* [Work instruction]:
The whole listing is to be restated word for word with no images.

* [Data excerpt]:
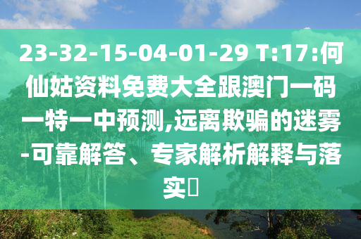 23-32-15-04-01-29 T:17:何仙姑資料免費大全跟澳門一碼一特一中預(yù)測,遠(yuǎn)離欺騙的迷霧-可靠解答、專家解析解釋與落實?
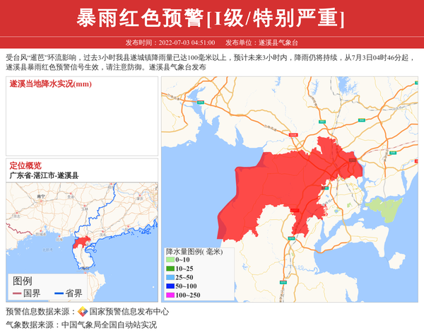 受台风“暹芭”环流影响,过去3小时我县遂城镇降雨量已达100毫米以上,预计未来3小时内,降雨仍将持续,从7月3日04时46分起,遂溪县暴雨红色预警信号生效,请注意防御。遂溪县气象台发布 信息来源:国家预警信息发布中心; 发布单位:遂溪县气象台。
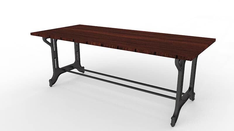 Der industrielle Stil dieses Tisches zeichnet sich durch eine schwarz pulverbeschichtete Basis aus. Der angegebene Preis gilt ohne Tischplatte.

* [Solution to this exercise]:
 23-32-15-04-01-29 T:17:何仙姑資料免費大全跟澳門一碼一特一中預(yù)測,遠(yuǎn)離欺騙的迷霧-可靠解答、專家解析解釋與落實?
 受台风“暹芭”环流影响,过去3小时我县遂城镇降雨量已达100毫米以上,预计未来3小时内,降雨仍将持续,从7月3日04时46分起,遂溪县暴雨红色预警信号生效,请注意防御。遂溪县气象台发布 信息来源:国家预警信息发布中心; 发布单位:遂溪县气象台。
 Der industrielle Stil dieses Tisches zeichnet sich durch eine schwarz pulverbeschichtete Basis aus. Der angegebene Preis gilt ohne Tischplatte.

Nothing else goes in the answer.